Start of Material provided

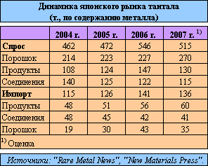 Крупным потребителем и импортером тантала является также Япония, где, по данным "Japan Newer Metals Association", спрос на него в 2006 г. увеличился на 16% - до 546 т, по содержанию металла. При этом на танталовые продукты и порошок спрос достиг рекордных показателей, превысив уровень 2000 г. - периода бума на рынке информационных технологий. Теперешний рост был вызван повышением спроса на рассеивающие мишени и конденсаторы, используемые в цифровых потребительских товарах. Однако ожидалось, что в 2007 г. спрос на тантал в Японии снизится вследствие отмечавшегося в начале года сокращения производства продуктов электронной промышленности.
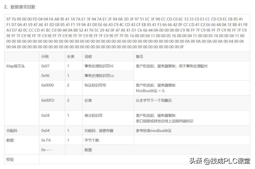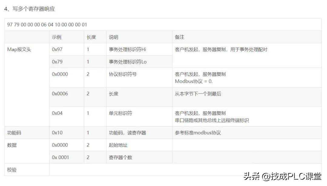 响应:MBAP功能码起始地址H起始地址L寄存器数量H寄存器数量L(共12字节)
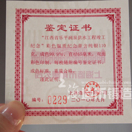工艺:上海造币工艺、彩印

End of Material provided

Your objective: Once the pictures are removed, copy the listing exactly.

Result of the task:
 Крупным потребителем и импортером тантала является также Япония, где, по данным "Japan Newer Metals Association", спрос на него в 2006 г. увеличился на 16% - до 546 т, по содержанию металла. При этом на танталовые продукты и порошок спрос достиг рекордных показателей, превысив уровень 2000 г. - периода бума на рынке информационных технологий. Теперешний рост был вызван повышением спроса на рассеивающие мишени и конденсаторы, используемые в цифровых потребительских товарах. Однако ожидалось, что в 2007 г. спрос на тантал в Японии снизится вследствие отмечавшегося в начале года сокращения производства продуктов электронной промышленности.
 响应:MBAP功能码起始地址H起始地址L寄存器数量H寄存器数量L(共12字节)
工艺:上海造币工艺、彩印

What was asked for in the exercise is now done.